Text © Pierluigi Angeli
English translation by Mario Beltramini
Family: Cantharellaceae J. Schröter (1888)
Genus: Cantharellus Adanson (1763) : Fries (1821)
Cantharellus lutescens (Persoon : Fries) Fries (1821)
Ethymology: from the Latin word : “lutescens” = tending to yellow, I become yellow.
Commonly known as finferla, pifferi, cantarelle for the Italians; chanterelle lumineuse, chanterelle jaune for the French; rebozuelo anaranjado, trompeta amarilla, camagroc, rossinyolic, saltsaperretxico hori, trampeta amarella for the Spaniards.
Description of the genus
The genus Cantharellus is characterized by carpophores with convex cap especially in the young specimens, then depressed or funnel-shaped, with the margin more or less distinctly lobed and irregular and the stem more or less central, full or hollow.
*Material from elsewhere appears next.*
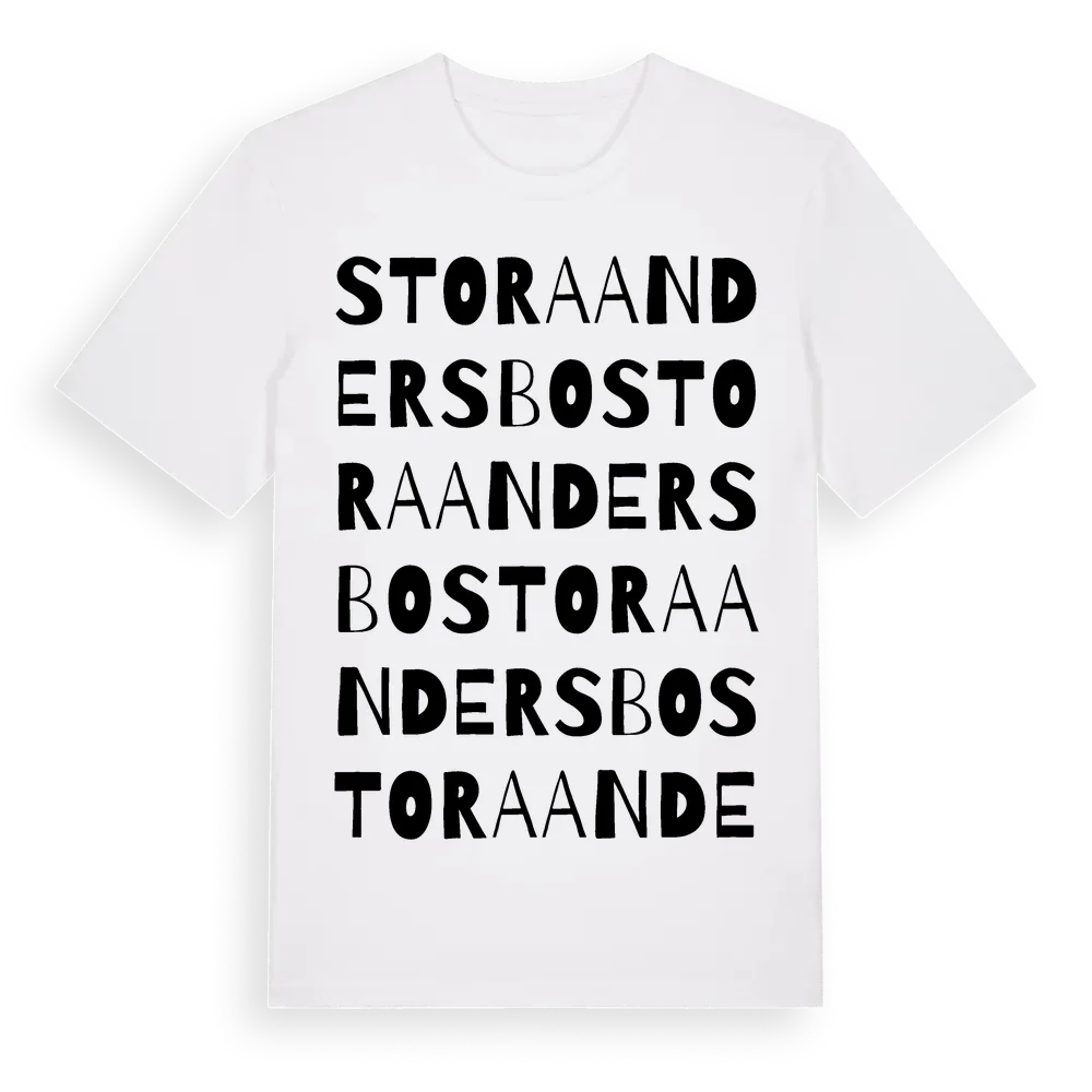 Stora Andersbo ordlek t-shirt är inspirerad av Stora Andersbo i Östergötlands län, Sverige. Tröjan är designad för dig som har en speciell koppling till platsen – oavsett om du bor här, har rötterna här eller bara älskar Stora Andersbo.

The hymenophore is formed by folds or small veins more or less in relief and ramified, united each other by anastomosis almost to have a reticulated look.
Firm flesh, elastic, fibrous, frail, with pleasant fruity smell, acidulous at times. Hyphal monomitic structure, non-amyloid spores.
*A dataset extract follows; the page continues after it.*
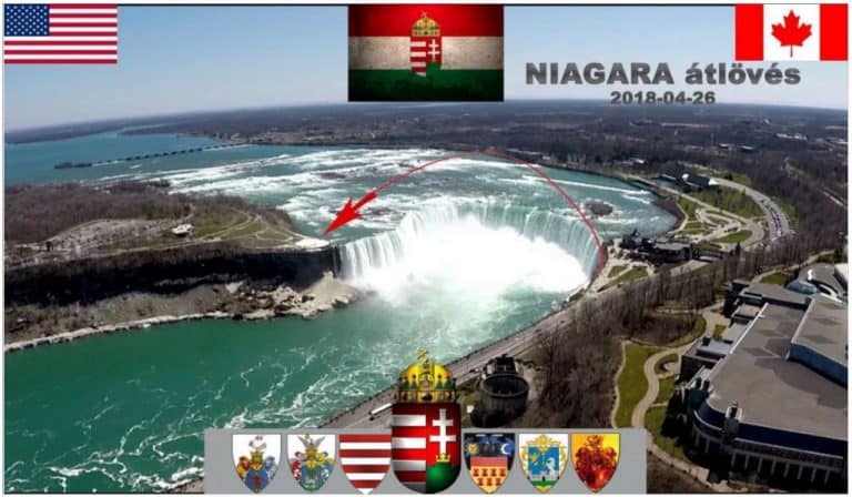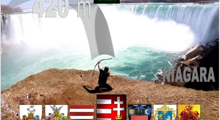 According to hungarianambience.com, after shooting across the Verecke Pass, Archer József Mónus this time tackled the Niagara Falls. “During the performance a beautiful rainbow has been formed above the waterfall, which pointed the way to my arrow. I’ve never seen such a beautiful natural phenomenon like that before” writes Mónus.

Description of the species
Cap: 1,5-6 cm, initially convex, then umbilicate, strongly depressed, funnel-shaped, hollow at the centre of the cap and reaches the bottom of the stem; margin curved for long time, thin, irregularly sinuous, lobed, wavy, at times irregular. Fibrous surface of the cuticle, with radial fibrils; the colour is brown-yellow or brown-red with paler margin.
Hymenium: formed by low venations with several anastomosed ramifications, rugulose, almost indistinct at times, decurrent on the stem; the colour is yellow-red-pink or more or less dark orange.
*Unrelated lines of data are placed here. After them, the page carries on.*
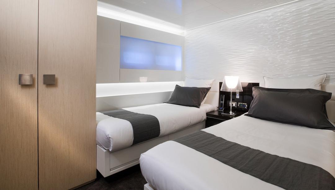 Arcadia 115 super yacht SUN accommodates 12 guests in her marvellous full-beam master suite on the main deck, and four double cabins on the lower deck, featuring some unusual characteristics, such as the foredeck dedicated to ...
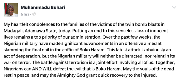 See what Buhari said concerning Adamawa Bomb blastBy admin / December 10, 2016 Share thisFacebookXEmailWhatsApp Reports got to us that about 30 died in Adamawa bomb blast
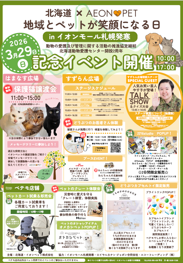 本イベントは、イオンペットと北海道が協定締結に基づき初めて開催する「動物の愛護及び管理に関する活動の推進」に向けた官民一体の取り組みです。北海道動物愛護センター(あいにきた)による保護犬猫の譲渡会や、イオンペットの獣医師によるこども獣医師体験コーナーのほか、協力企業の企画として、保護猫を家族として迎えている人気お笑いタレント・やす子さんをゲストに迎えたトークショーなど、多彩なプログラムを実施予定です。ペットを飼っている方はもちろん、ペットを飼っていない道民の皆さまも、楽しみながら動物愛護や適正飼養について学んでいただける内容となっています。

Stem: 2-6 x 0,4-0,9 cm, irregularly rounded, compressed and longitudinally grooved, flared in the upper part and tapered below, hollow to the bottom, red-yellow, orange-yellow, with paler, almost whitish base
Flesh: exiguous, fibrous, elastic, firm; of pale yellowish colour; fruity smell, mild taste.
Habitat: very common species, present practically everywhere. It grows up from the late autumn to early winter especially in coniferous woods but also under latifolious trees, in humid locations, often between the mosses.
Edibility: Choice edible, even if of little yield, it is much sought due to its aromatic smell.
Spores: from ellipsoidal to oval, smooth, guttulate, white in mass, 9,9-11,2 × 5,6-7,7 µm.
Basidia: strongly club-shaped, tetrasporic, with joint buckles at the base, 70-84 × 9,8-11,2 µm. Monomitic structure of the carpophore.
Remarks: it is a fungus growing in humid locations, especially in the coniferous woods, but it does not disdain even the latifolious ones; the biggest specimens are found in the midst of the moss, probably due to a greater humidity of the soil and a minor possibility of being found, thus having more time for growing up.
The species is characterized by a particular silhouette more or less trumpet-shaped with a more or less brown cap; the yellow stem goes almost up to the base which is white. Of this species exist some varieties and forms: the variety albidus (Bon & Pacaud) Vila, all white or just cream; the form niveipes (Schild & Wäfler) Vila, with white stem; the form luteocomus (Bogelow) Eyssartier, completely orange yellow in all the carpophore without brown shades.
A possible resemblance, due to the exiguity of the flesh, might arise with the Cantharellus tubaeformis Fries : Fries, but this one has the hymenophore formed by well evident pseudo-gills, brownish, yellowish brown colours, with the margin decolouring up to ochre, the yellowish grey flesh as a quite different smell, similar to the moss.
Synonyms: Merulius lutescens Persoon (1801) (basionym); Cantharellus aurora (Batsch) Kuyper (1990); Cantharellus xanthopus (Persoon) Duby (1830).